What’s Really Holding Your Major Gift Officers Back?

Major Gift Challenges and How to Fix Them | GPG

The Most Common Major Gift Fundraising Challenges We See in the Field

Major gift fundraising should be one of the most energizing and rewarding parts of any development program. When this essential fundraising program is working well, your donors feel inspired, your staff feels confident, and transformational gifts begin to flow.

But here’s the truth – too many talented Major Gift Officers (MGOs) are running into the same roadblocks over and over. 

But too often, major gift officers are working under pressure, without the tools or structure they need to succeed. We see the same patterns over and over: overloaded portfolios, stalled donor conversations, missed opportunities, and burnout. 

These are more than just operational hiccups – they’re signs of deeper issues in how organizations support their fundraising teams.

That’s why we created the Major Gift Officer Bootcamp. It’s our way of helping both fundraisers and their managers step back, reset, and build a stronger major gifts strategy – one that actually works in the real world.

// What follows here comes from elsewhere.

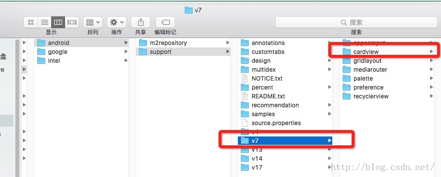 我们知道CardView组件是Android L开始引入,同时Google也做了兼容包在V7包里边了,具体我们来看一下项目存在的路径:
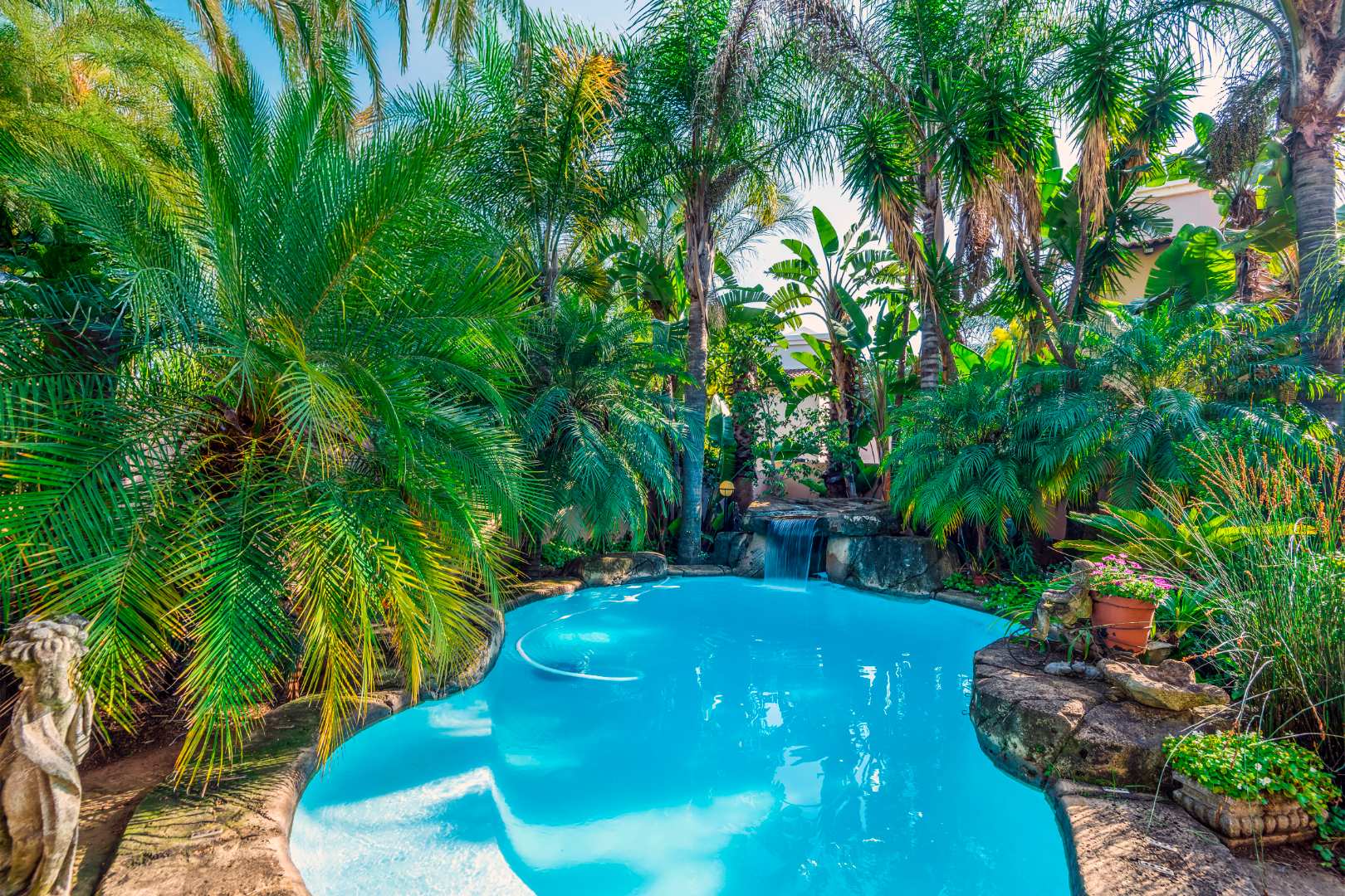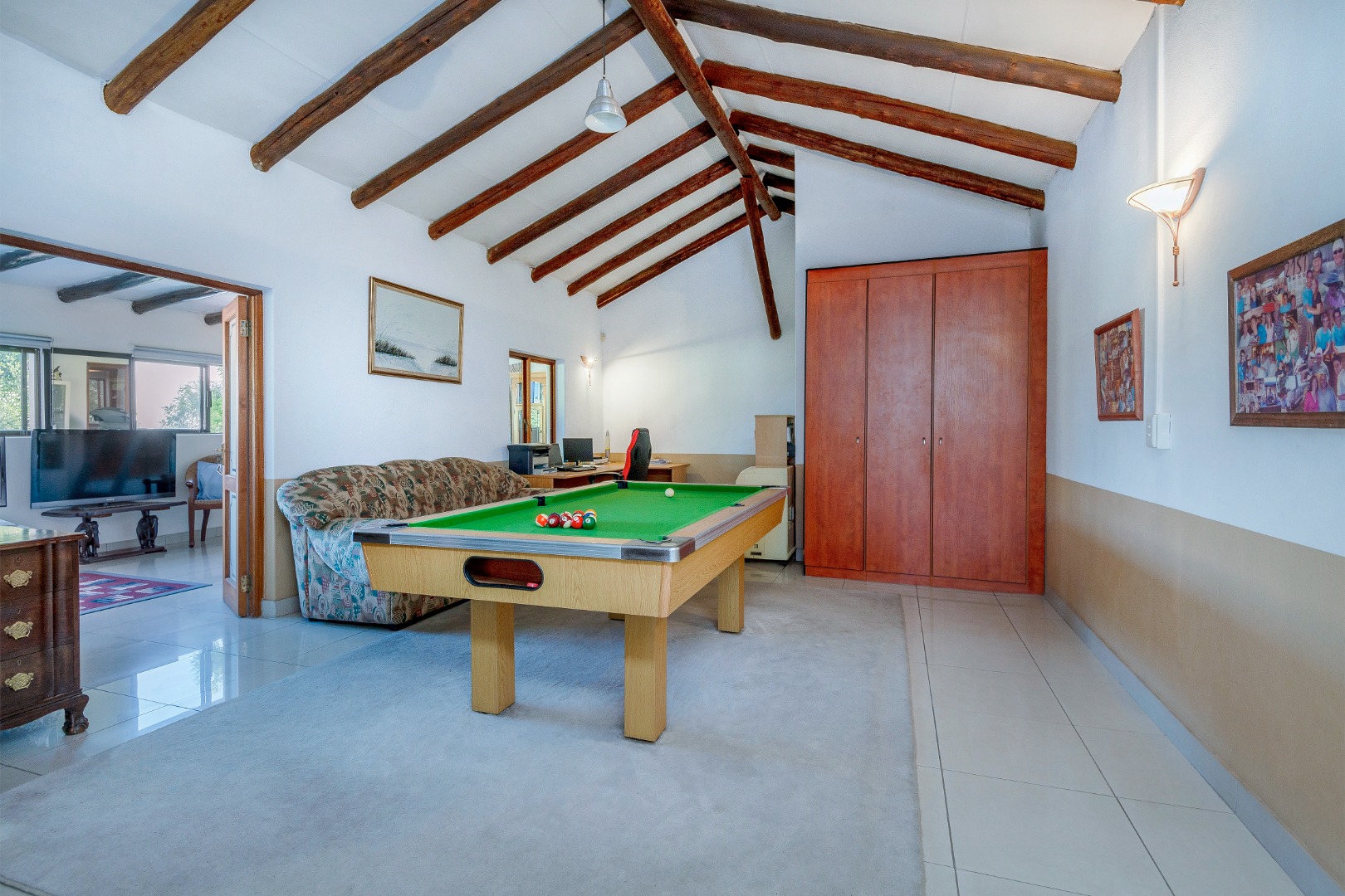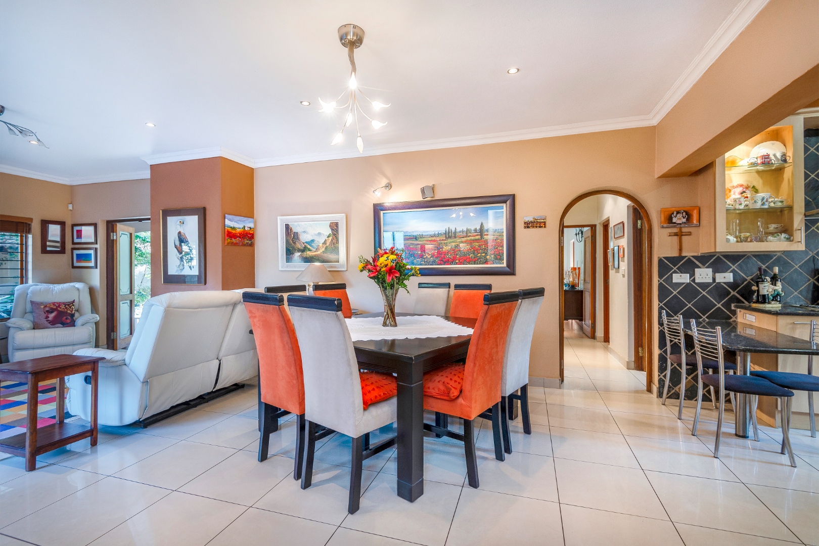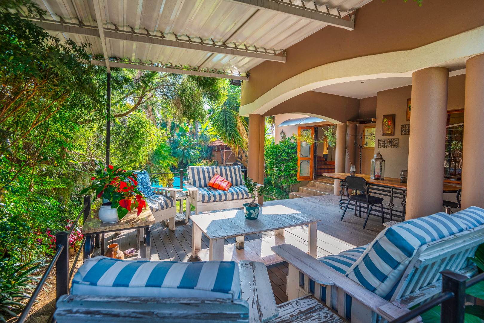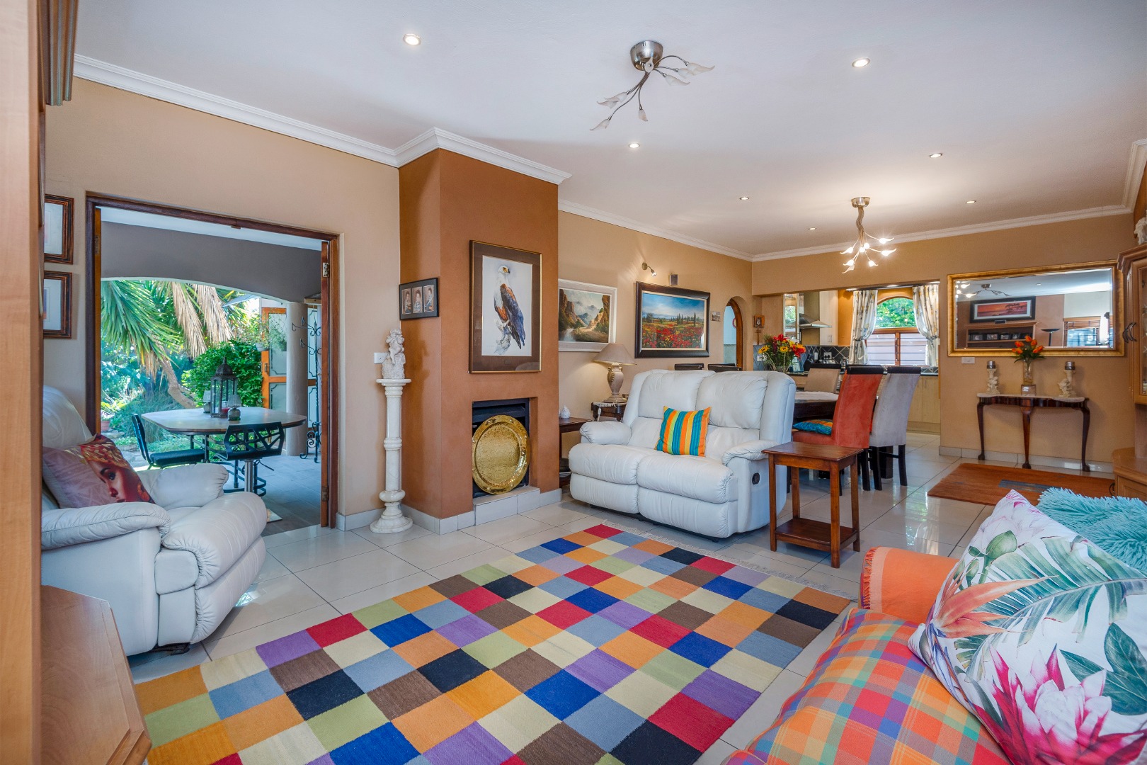 Step outside to a generously sized covered patio, where you can unwind and enjoy the peaceful surroundings. Beyond lies a magnificent, landscaped garden, meticulously maintained and bursting with natural beauty. It features a sparkling blue rock pool and a built-in braai with an outdoor entertainment area—perfect for embracing outdoor living at its finest.

Our consulting team works hands-on with clients across the country to untangle these challenges and help build practical systems that support strong donor relationships.

Below, we’ve outlined the top challenges we’re seeing across the sector – and why these roadblocks are so common. If any of these sound familiar, you’re in good company.

Let’s take a closer look.

1. Major Gift Fundraising Challenge: Finding Qualified Major Donor Prospects

Problem: Difficulty identifying and engaging high-potential donors

Often, major gift officers are spending valuable time on donor names that have not been properly qualified.

Their portfolios are overloaded with low capacity/low affinity suspects rather than true major gift prospects.

Without a clear discovery and qualification process, it’s hard to assess a potential donor’s capacity, interest, or intent. Fundraisers burn time on outreach that leads nowhere and miss key opportunities as a result.

With the right coaching and training from our team, your MGO’s can build stronger qualification approaches so that gift officers can focus on the right donors at the right time. 

Find out how we can help you achieve your fundraising goals with world-class consulting and custom training.

2. Ghosted? Why Donors Don’t Respond to Major Gift Outreach

Problem: Lack of response to emails, calls, or meeting requests

We often see fundraisers trying to start a conversation, only to be met with silence—or a pattern of delays and deferrals. 

This is often a sign that the donor isn’t ready, is not interested or was never properly qualified.

In many cases, a MGO’s outreach efforts may not be tied to a funding opportunity that speaks to the donor’s interests. Or the donor’s interest level, enthusiasm or timing has changed.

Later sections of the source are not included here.